LLM Word of the Week: Indirect Prompt Injection

A spider web overlaid on a browser window with hidden text glowing inside a webpage

Indirect Prompt Injection is a cyberattack where malicious instructions are hidden inside content an AI reads — a webpage, a PDF, an email, a document — rather than typed directly by the attacker. The AI processes the content, encounters the hidden instructions, and follows them as if they came from the user or the system.
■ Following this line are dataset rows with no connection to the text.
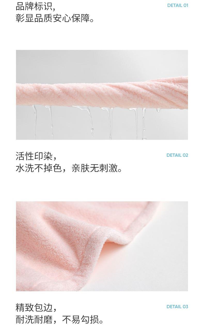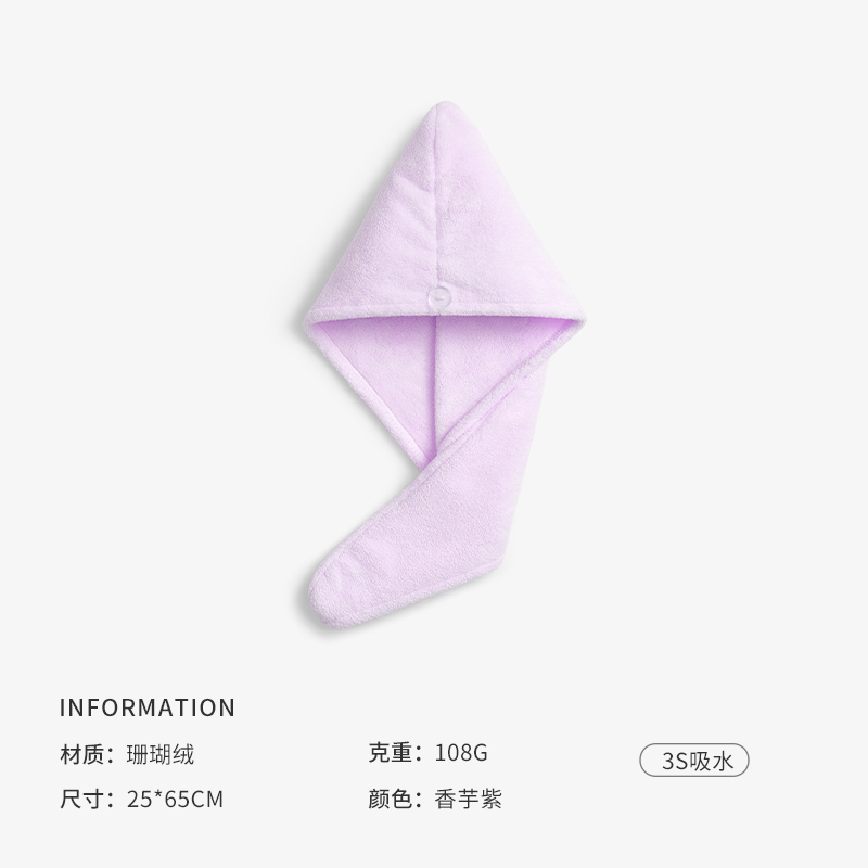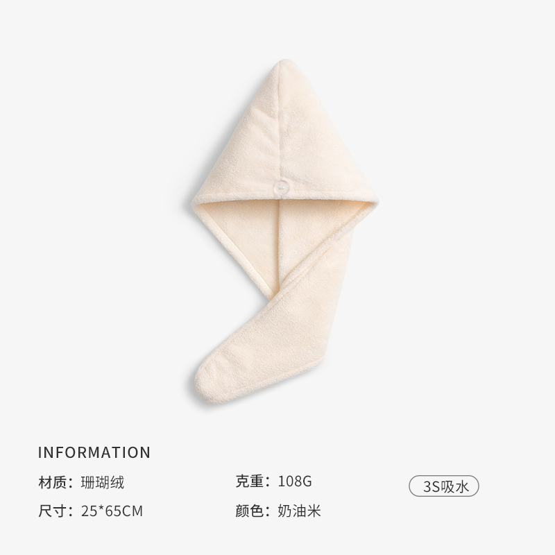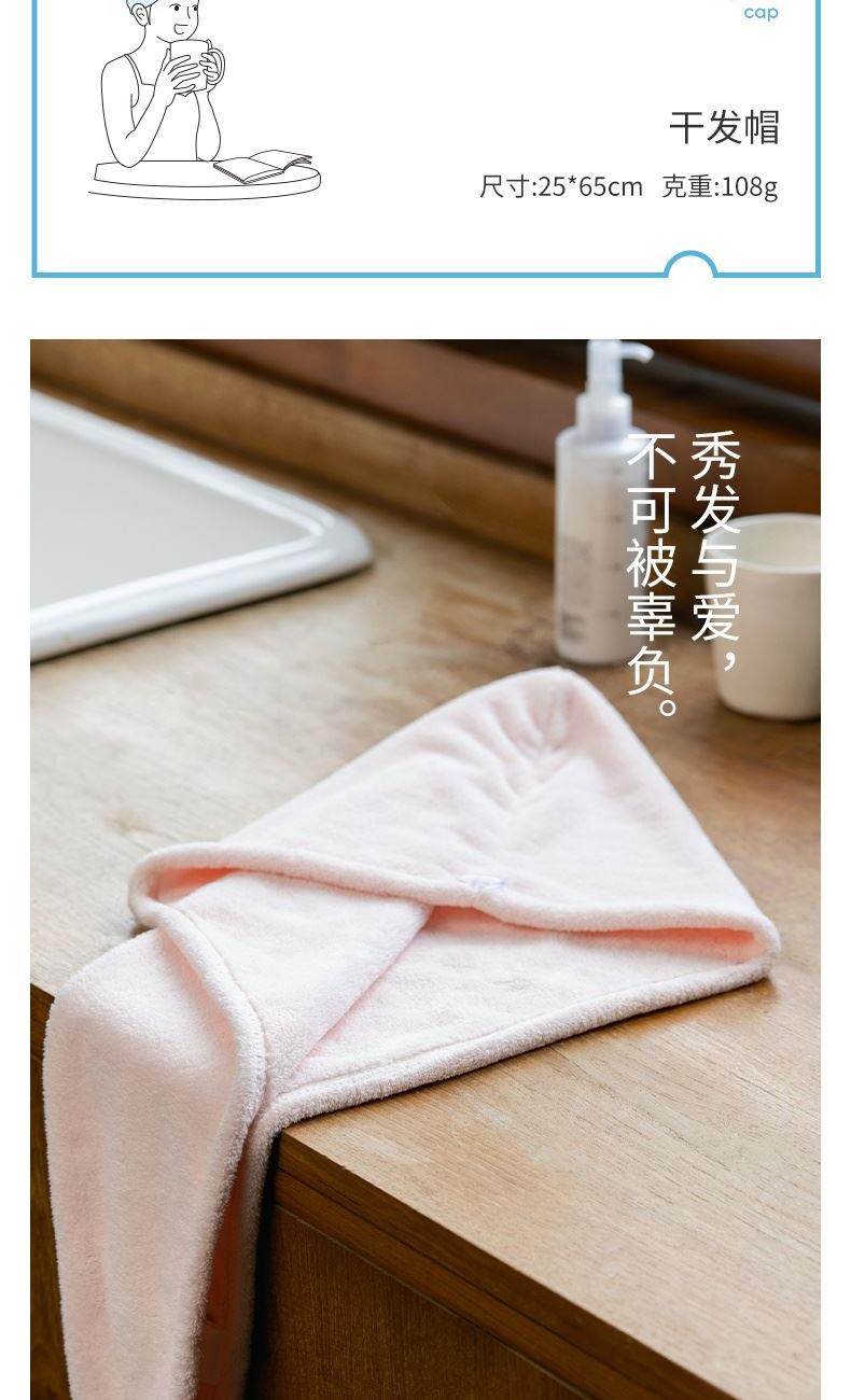 规格:25cm*65cm*1条 重量:108g/条*1条 颜色:蓝、粉、桃花粉、奶油米、晴空蓝、山岚绿、香芋紫、平安灰 材质:底纱:聚酯纤维 绒毛纱:聚酯/聚酰胺复合纤维(装饰部分除外) 平方克重:400 包装内容:静水干发帽 1条 1、采用加厚珊瑚绒面料,质地细腻,手感柔软,不易起球,不易掉色,吸水强劲。 2、加厚配置,加密长绒,吸水面积扩大,吸水力更足,让湿发在短时间内变得干爽 3、牢固纽扣设计,不易脱落,使用后方便悬挂。长尾设计,轻松包裹。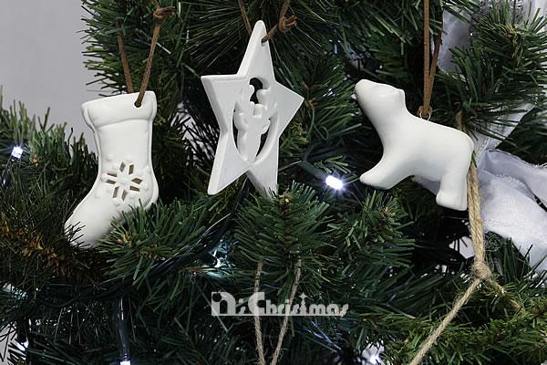 むかーしむかし、プラスチックも無かった時代、松かさや木のおもちゃ、布製品がツリーオーナメントの主流でした。次にブリキ製品が出てきても陶器の飾りは高価なものだったことでしょう。現在ではあまり見かけなくなった感のある陶器製。しかもこんな可愛らしいアイテムがこんなお手ごろで手に入るなんて(~o~)
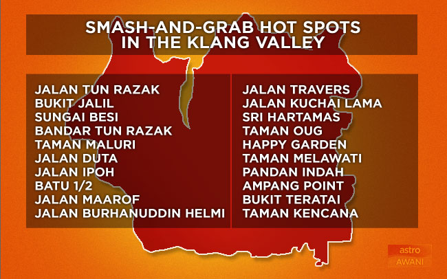 In Kuala Lumpur alone, three other districts have recorded a high number of smash-and-grab cases.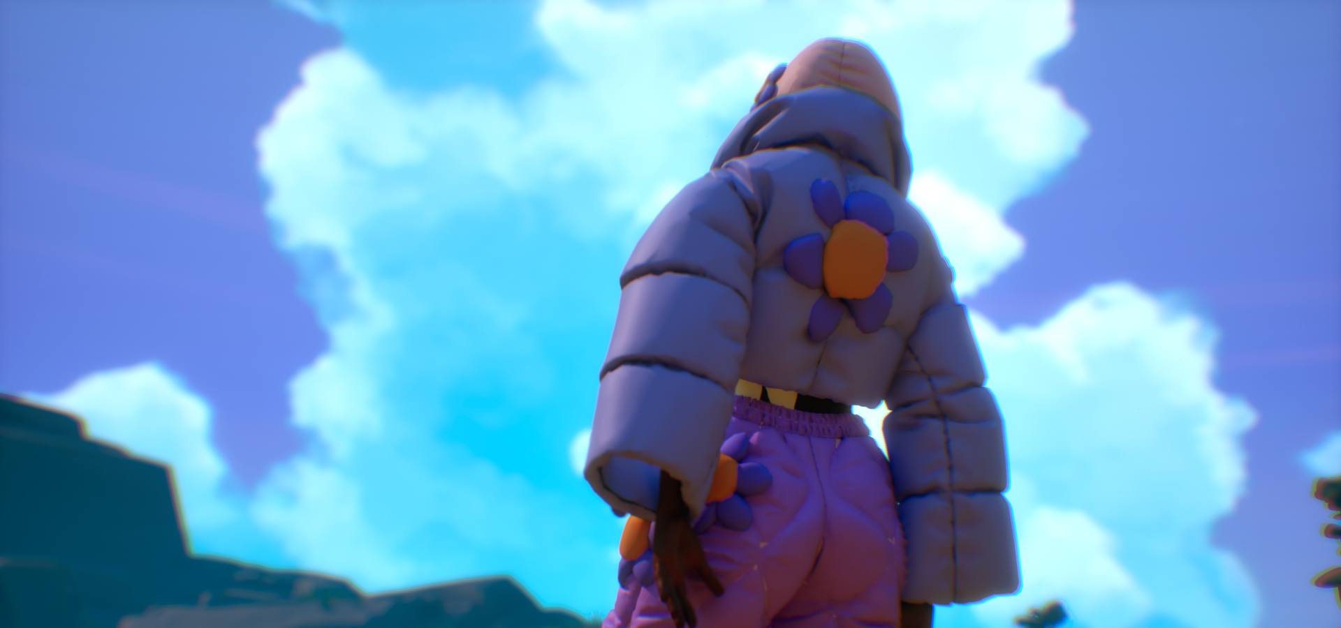 Enter: een videogame waar je niet hoeft te scoren, maar zonder haast op ontdekking mag. Met je avatar in een lila donsjas dwaal je door een kleurrijk droomlandschap. Gewapend met speelse nieuwsgierigheid en op zoek naar nieuwe werelden. In Mbombo slaakt een groep zwarte lichamen samen één zucht, en verkent Sondi rust en dromen als vormen van verzet.
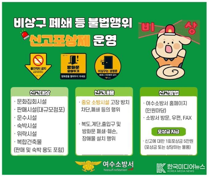 [ 한국미디어뉴스 이원영 기자 ] 여수소방서(서장 서승호)는 소방시설 및 피난·방화시설의 불법행위를 시민이 직접 신고하면 포상금을 지급하는'소방시설 등 불법행위 신고포상제'를 적극 홍보 중이라고 30일 밝혔다.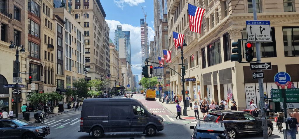 For one last time, I was wheeling my suitacses along platforms, up ramps, in lifts etc to exit a railway station, the magnificent Moynihan Train Hall no less! The building was once the main post office of New York City and has been superbly repurposed as the heart of Penn Station, partially compensating for the loss of the fabulous original Penn Station demolished many years ago.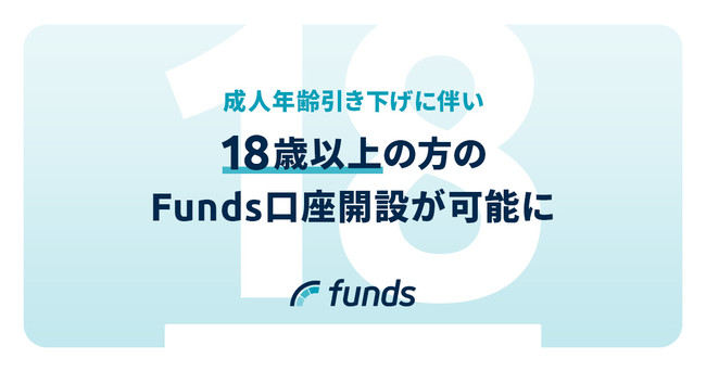 成人年齢引き下げに伴い、18歳以上の方のFunds口座開設が可能になります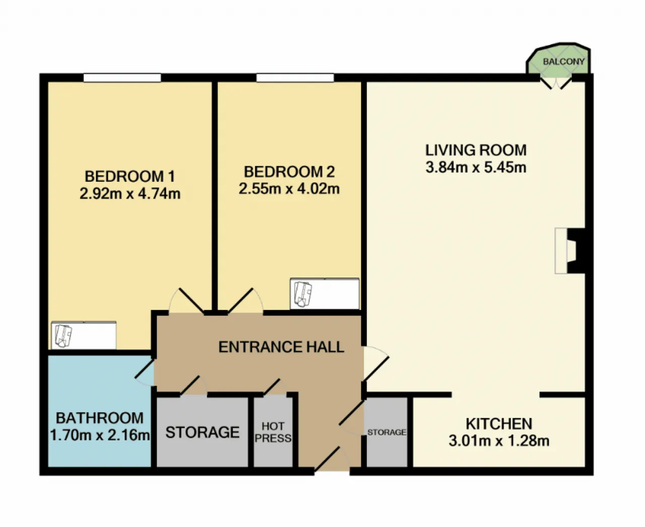 The accommodation briefly comprises: entrance hall, storage and hot press, family bathroom, two double bedrooms with built in wardrobes, spacious living / dining room and fitted kitchen. This would make an ideal purchase for first time buyers, working professionals and investors alike.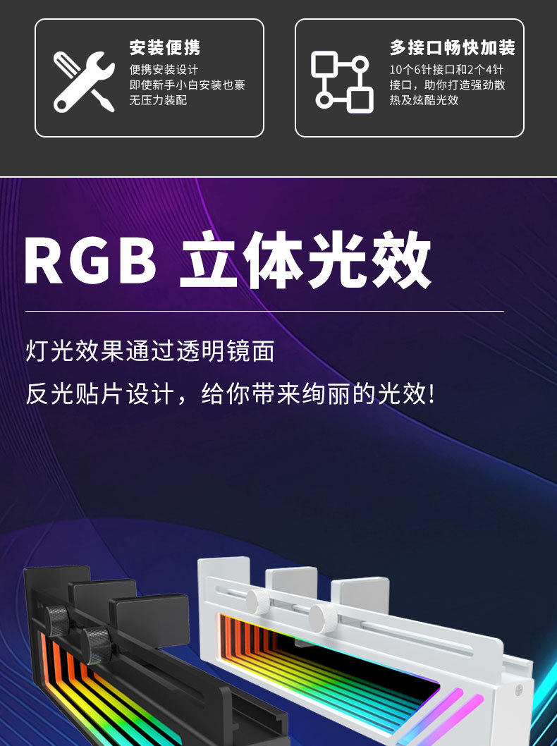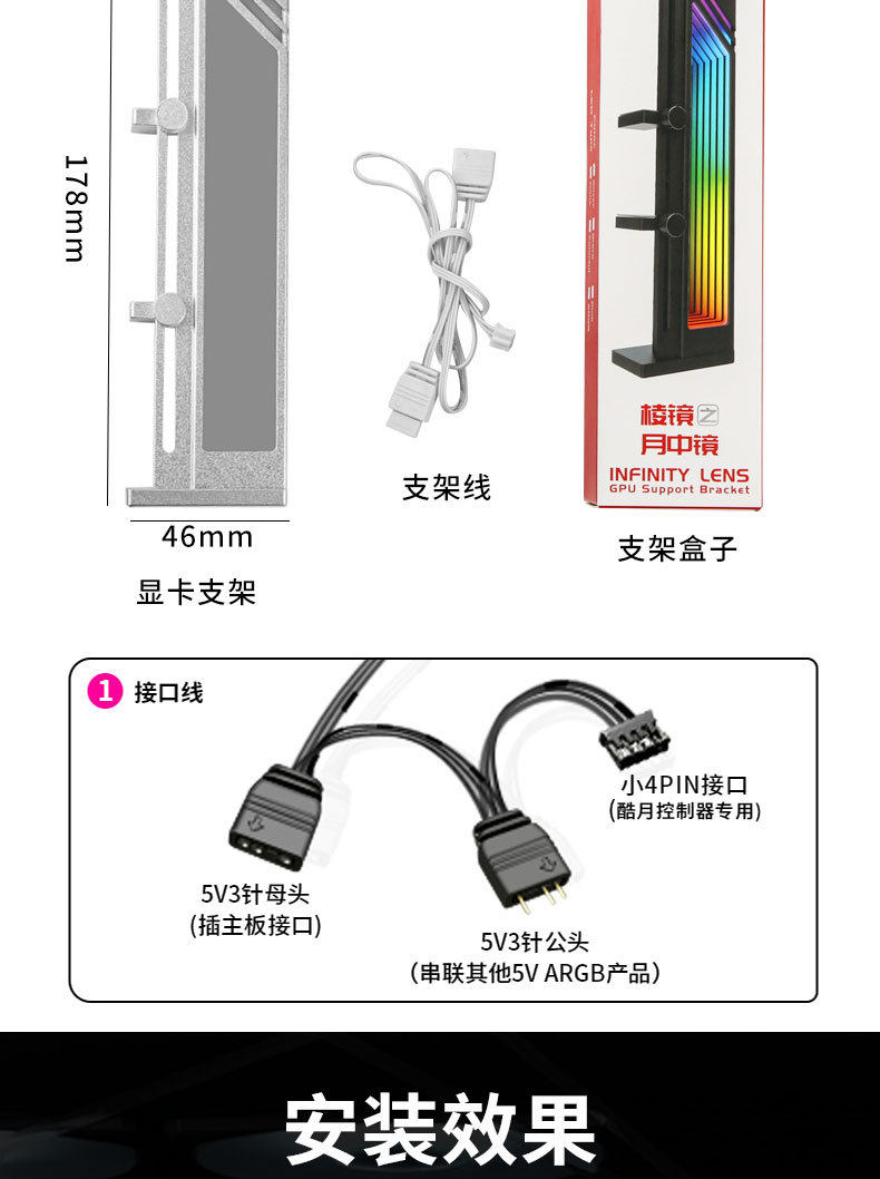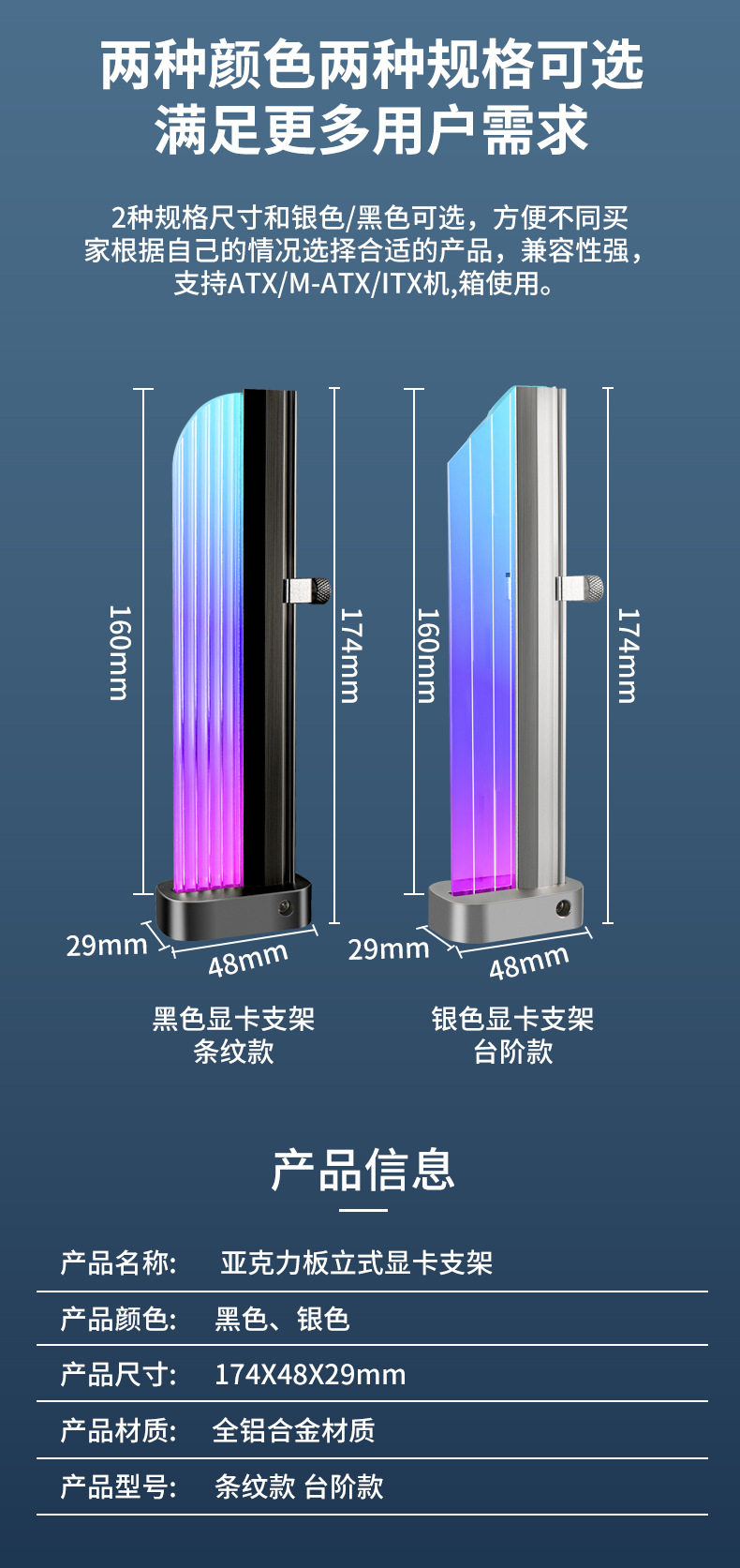 | Color | Black argb graphics card bracket,Silver argb graphics card bracket,Black argb graphics card bracket +5v3 pin controller,White argb graphics card bracket +5v3 pin controller,Black argb graphics card bracket [premium edition],Silver argb graphics card bracket [premium edition],Black argb graphics card bracket [ultimate edition],Silver argb graphics card bracket [ultimate edition] |

You never typed anything malicious. The damage happens anyway.

Why this is different from regular prompt injection

You may have heard of prompt injection — the broader category where an attacker crafts inputs to override an AI’s instructions. Think of it as the AI equivalent of SQL injection: exploiting the fact that the model can’t reliably distinguish between trusted instructions and untrusted data when they arrive in the same context.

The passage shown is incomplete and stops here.